Sobota, 30 X 2010 r.
I CZYTANIE Flp 1, 18b-26 Że na wszelki sposób rozgłasza się Chrystusa, z tego się cieszę i będę się cieszył. Wiem bowiem, że to mi wyjdzie na zbawienie dzięki waszej modlitwie i pomocy, udzielanej przez Ducha Jezusa Chrystusa, zgodnie z gorącym oczekiwaniem i nadzieją moją, że w niczym nie doznam zawodu. Lecz jak zawsze, tak i teraz, z całą swobodą i jawnością Chrystus będzie uwielbiony w moim ciele: czy to przez życie, czy przez śmierć. Dla mnie bowiem żyć to Chrystus, a umrzeć to zysk. Jeśli bowiem żyć w ciele, to dla mnie owocna praca. Co mam wybrać? Nie umiem powiedzieć. Z dwóch stron doznaję nalegania: pragnę odejść i być z Chrystusem, bo to o wiele lepsze, pozostawać zaś w ciele to bardziej dla was konieczne. A ufny w to wiem, że pozostanę i to pozostanę nadal dla was wszystkich, dla waszego postępu i radości w wierze, aby rosła wasza duma w Chrystusie przeze mnie, przez moją ponowną obecność u was. EWANGELIA Łk 14, 1. 7-11 Gdy Jezus przyszedł do domu pewnego przywódcy faryzeuszów, aby w szabat spożyć posiłek, oni Go śledzili. Opowiedział wówczas zaproszonym przypowieść, gdy zauważył, jak sobie pierwsze miejsca wybierali. Tak mówił do nich: „Jeśli cię kto zaprosi na ucztę, nie zajmuj pierwszego miejsca, by czasem ktoś znakomitszy od ciebie nie był zaproszony przez niego. Wówczas przyjdzie ten, kto was obu zaprosił, i powie ci: «Ustąp temu miejsca». I musiałbyś ze wstydem zająć ostatnie miejsce. Lecz gdy będziesz zaproszony, idź i usiądź na ostatnim miejscu. Wtedy przyjdzie gospodarz i powie ci: «Przyjacielu, przesiądź się wyżej». I spotka cię zaszczyt wobec wszystkich współbiesiadników. Każdy bowiem, kto się wywyższa, będzie poniżony, a kto się poniża, będzie wywyższony”.
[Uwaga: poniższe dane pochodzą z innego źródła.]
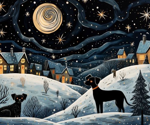 Plakat z serii abstrakcja zatytułowany Nocny Psi Patrol. To urokliwe dzieło sztuki zanurza widza w idyllicznym, zimowym pejzażu, gdzie tajemnicze postacie dwóch czujnych psów wyłaniają się na tle malowniczej wsi oświetlonej ciepłym światłem z okien. Nad sceną unosi się oszałamiające niebo pełne gwiazd z hipnotyzującym wirującym układem, który wywołuje poczucie głębi kosmosu. Śnieżny krajobraz i delikatnie padające płatki śniegu dodają kompozycji spokojnego nastroju, idealnego do kontemplacji i marzeń. Plakat ten będzie doskonałym dodatkiem do przestrzeni takich jak pokoje dziecięce, miejsca wypoczynkowe lub jako ciepły akcent w zimowe wieczory w każdym domu lub kawiarni.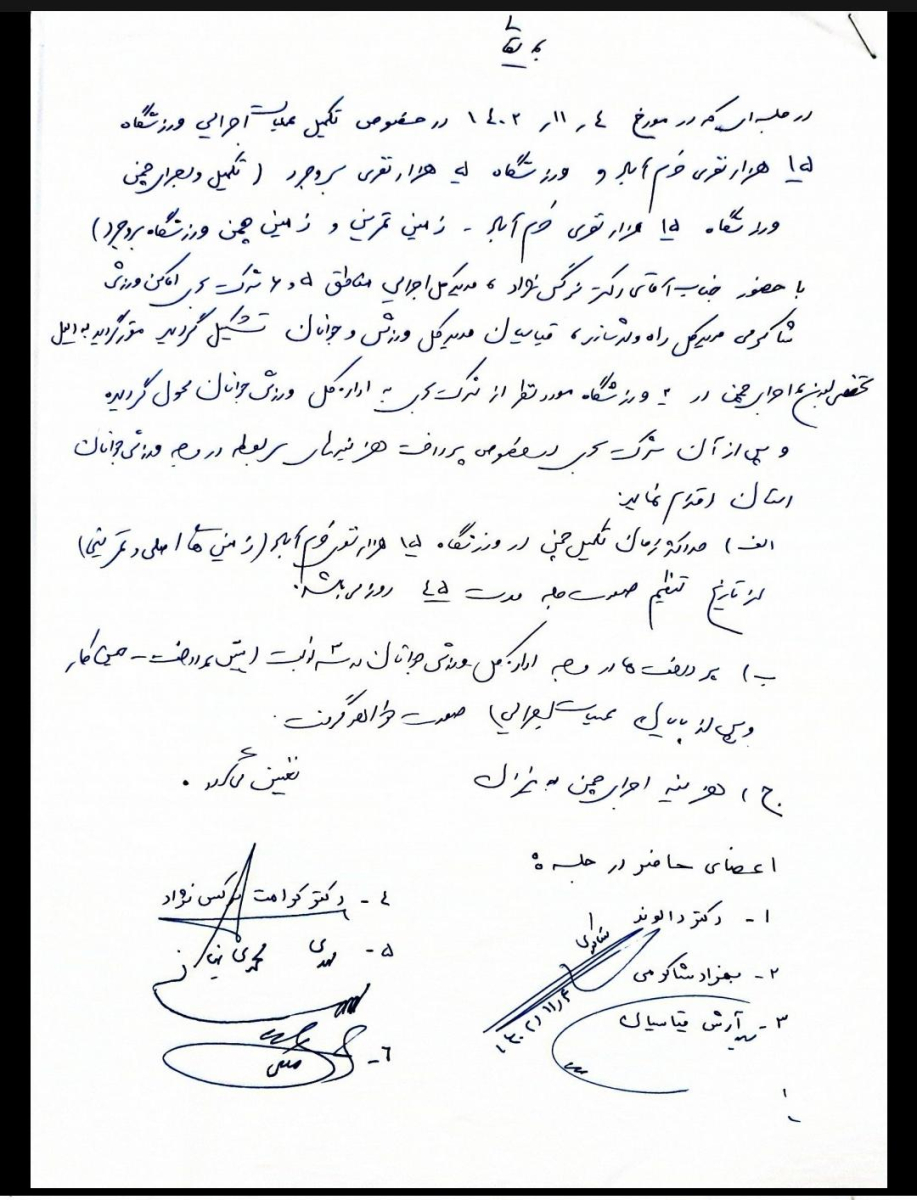 شاکرمی با بیان اینکه در این جلسه نمایندگان سازمان مجری ساختمانهای دولتی، معاون استاندار، مدیرکل ورزش و جوانان و سایر مسئولان حضور داشتهاند، افزود: «بر اساس توافق انجامشده، اداره ورزش موظف شد ظرف ۴۵ روز نسبت به تعویض یا بازسازی چمن مسابقاتی و تمرینی اقدام کند، اما متأسفانه تاکنون هیچ اقدامی از سوی این نهاد انجام نشده است.»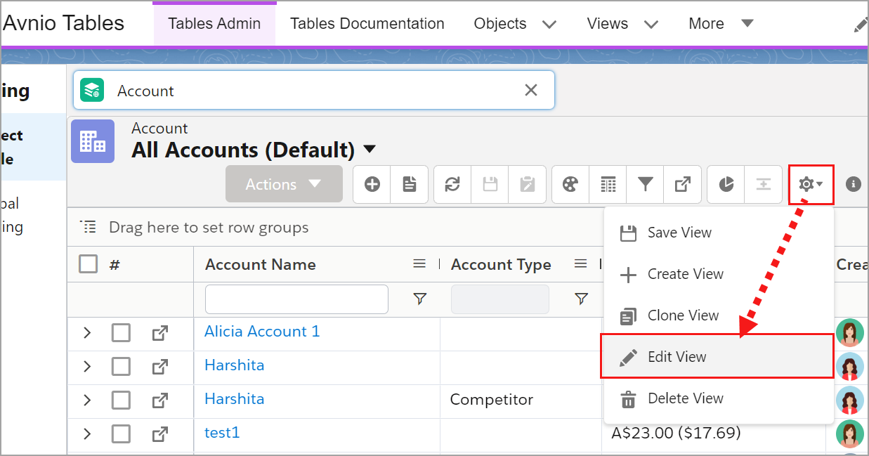 Hover on the Setting icon (Gear icon) and select the Edit View button.

Jakże to dalekie od twego codziennego myślenia… Paweł tęskni za śmiercią, gdyż tęskni za Chrystusem! Jedyna racja w pozostawaniu na tym „łez padole” tkwi dla Apostoła w konieczności posługiwania wiernym! Apostoł Narodów staje przed tobą jako człowiek jakby kompletnie pozbawiony swej, ludzkiej przecież, słabości – lęku przed śmiercią. Jak na nasze standardy, pełne chorobliwego nieraz, przywiązania do doczesności, do naszych drobnych przyjemności, do przedmiotów, ciała, ludzi, Paweł jawi się wręcz jako ktoś nienormalny.
A jednak to w Jego postawie jest norma życia chrześcijańskiego!
Też powinieneś tęsknić za Chrystusem, podczas gdy się Go po prostu boisz. Lękasz się osądu, tej mrożącej krew w żyłach chwili, gdy będzie trzeba zdać sprawę ze swoich grzechów i grzeszków. Lękasz się, bo nie ma w tobie miłości. W gruncie rzeczy nie znasz jej języka, pełnego przebaczenia, ale i wymagań. W twoim stosunku do Chrystusa przeskakujesz ze skrajności w skrajność, ze spotkania z Wszechpotężnym Sędzią (który budzi grozę) do zetknięcia się z wszystko wybaczającym Barankiem (który i tak nic nie zrobi). Obydwie postawy tak naprawdę rodzą się w twoich ludzkich, pozbawionych odniesienia miłości, wyobrażeniach.
A w Eucharystii spotykasz Jezusa.
Cichego, pokornego, zajmującego ostatnie miejsce, posyłającego Swe Słowo, które osądza Twoje sumienie.